Although U.S. intelligence still considers an Iranian nuclear weapon by 2010 as a worst-case scenario, Pentagon officials say the new report narrows the window in which Israel might launch a preemptive strike against Iran, as it did in 1981 against an Iraqi nuclear reactor.

Israel is the country most threatened by the prospect of an Iranian nuclear weapon. Former CIA officer Bruce Riedel says this latest intelligence would increase the chances of an Israeli strike launched with American-built warplanes.

“The Israelis have long believed that Iran is closer than U.S. intelligence believes it is,” Riedel says. “If they now hear that the Americans think it’s getting closer as well, it puts pressure on Israel to take its own action.”

Riedel adds that an Israeli strike would be seen in Iran as no different from an American strike and could involve the U.S. in a war against a much tougher opponent than Iraq.

In Tehran, CBS News correspondent Elizabeth Palmer reports the nuclear program is a matter of national pride.

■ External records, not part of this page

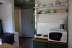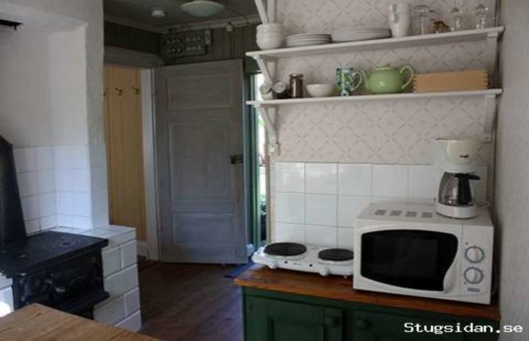 Kök med sittplats, kyl, kokplatta, Micro, kaffekokare.
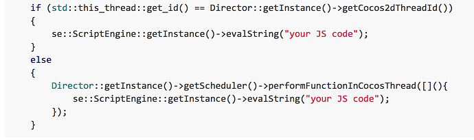 如果当前线程不是cocos2d的线程而是在其他线程的话,比如sdk的回调什么的,就把他加到计时器里,等到引擎下一次调用schduler的update时执行,相当于将这段js代码并入到了cocos2d的线程里执行
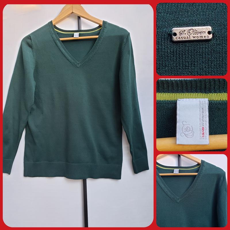 Базовый полувер темно-изумрудного цвета в отличном состоянии, следы носки минимальны, нюансов нет.
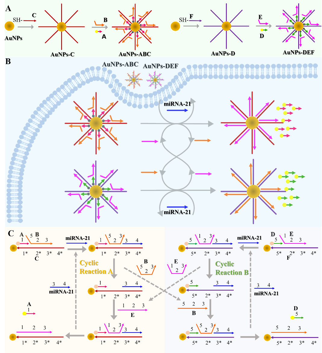 该研究报道了一种在金纳米粒子(AuNPs)表面构建的双熵驱动扩增系统,以实现miRNA-21的荧光测定和细胞内成像。双熵驱动的放大策略将燃料链内部化,以避免传统熵驱动放大策略中额外添加的复杂性。独特的自锁燃料链系统是通过将三链结构附着在两组AuNPs上而建立的,其中Cy5荧光标记首先被AuNPs猝灭。靶标miRNA-21被识别后,燃料链将自动解锁,并驱动循环反应,导致荧光恢复。自供电和回收燃料链大大提高了反应过程的自动化和智能化(图1)。
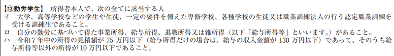 記入の際は、「障害者又は勤労学生の内容」欄に次の内容を忘れずに記入しましょう。
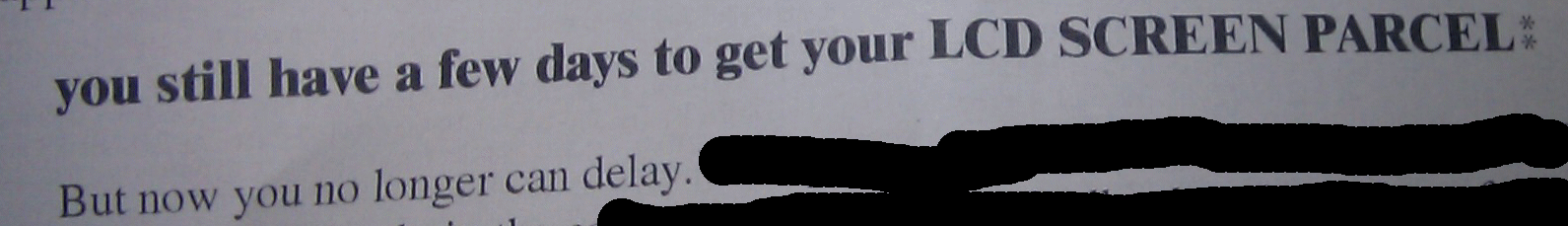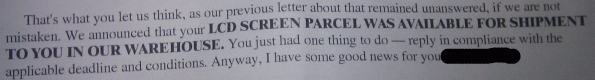 It’s there in the warehouse ready for me – as soon as I respond they’ll send me my LCD screen parcel! Hang on though – is there a difference between “LCD Screen” and “LCD Screen parcel”? I think I’d better take a quick look at the terms and conditions. (I couldn’t take a decent picture of the small print. It was too, well, small.)
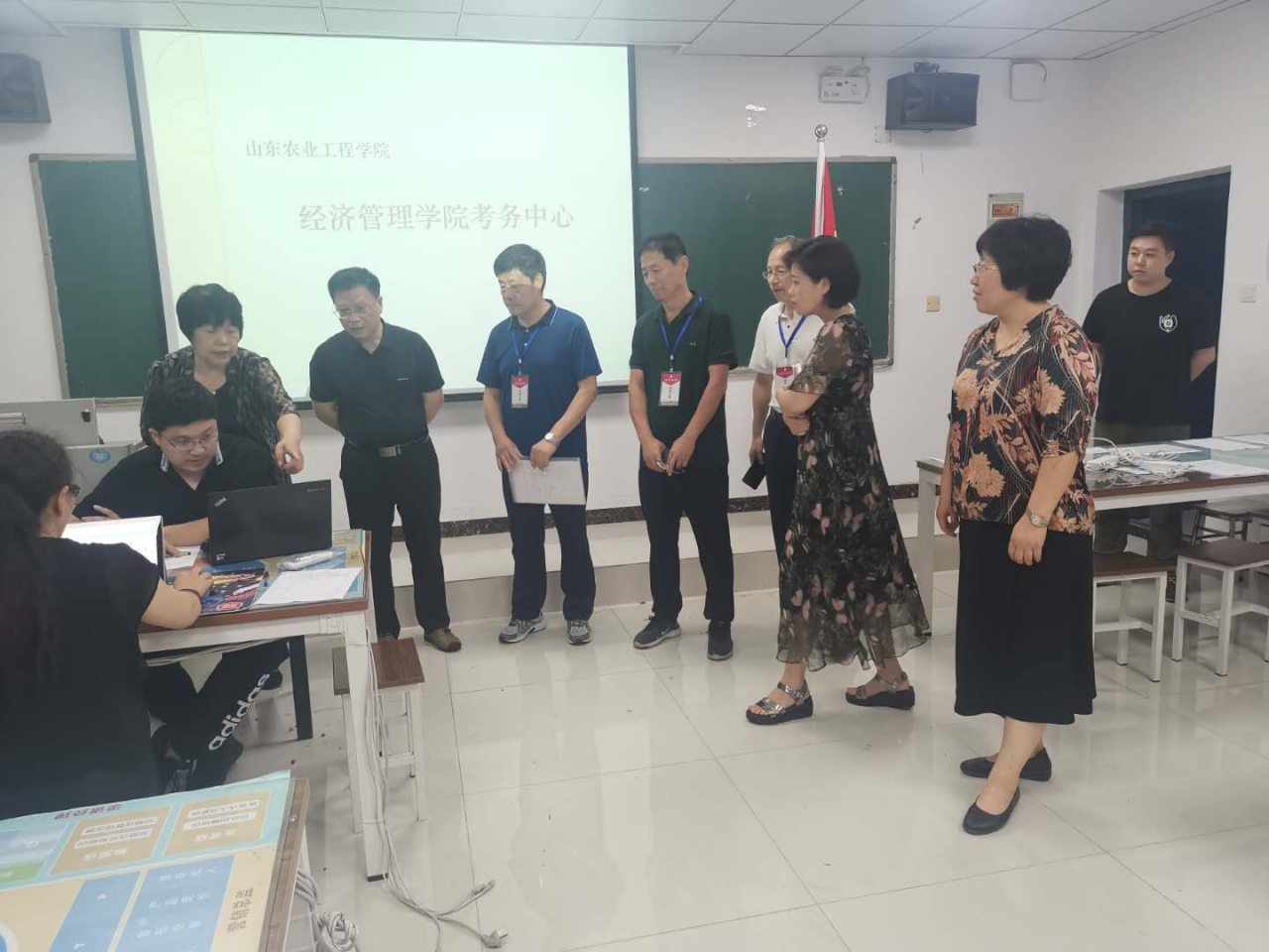 7月9日上午,2019-2020学年第二学期期末考试正式开考第三天,副校长杨振宁带领教务处、质评中心和校督导组专家亲临经管学院考务中心巡考 ,经管学院党总支书记颜素杰、院长李百秀、副院长曲文俏和教学秘书范靖全程陪同。
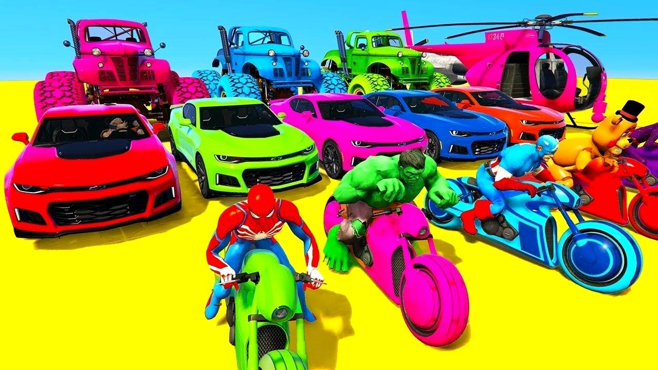 МАШИНЫ МОТОЦИКЛЫ ДЖИПЫ ВЕРТОЛЕТЫ ДЛЯ ЧЕЛОВЕКА-ПАУКА И СУПЕРГЕРОЕВ МУЛЬТИКИ ПРО МАШИНКИ ДЛЯ ДЕТЕЙ
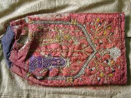 | Description / विवरण | It is a bag to carry the sacred ashes, silk embroidery and gold thread work. Subjectively Hindu mythological figures of gods and goddess in their shrines under the shade of tree in several colours on a dark red ground is present. |
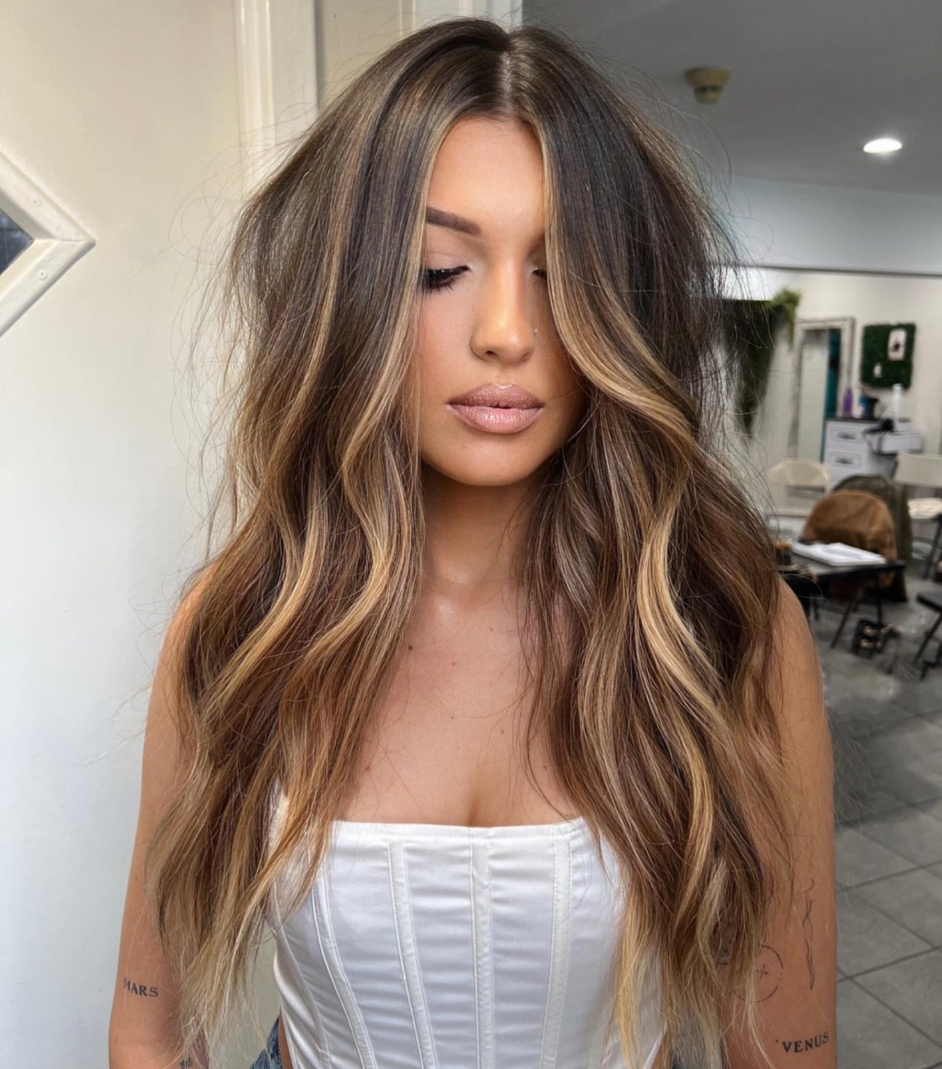 Adorable golden-haired honey drilled

A few weeks ago, president Mahmoud Ahmadinejad gathered reporters at the main nuclear plant in Natanz to boast that his country now could enrich uranium on an industrial scale.

But what exactly does that mean?

In the enrichment process, scientists feed uranium gas into linked centrifuges. Iranian officials hint that they have 3,000 centrifuges working at Natanz. But international atomic energy commission inspectors — who toured the plant last month — are reported to have seen less than half that many working — 1,300 — and only a few had uranium gas in them.

Iran insists its nuclear program is for peaceful purposes only — to make fuel for power plants being built in Iran by the Russians.

Two years ago, Palmer and her CBS News crew were the first Western reporters to be shown the heavy water plant at Arak, which the Iranians say is for making medical radioactive isotopes.

The trouble is few world leaders are convinced and at the moment there is no surefire way of checking until — perhaps — it’s too late.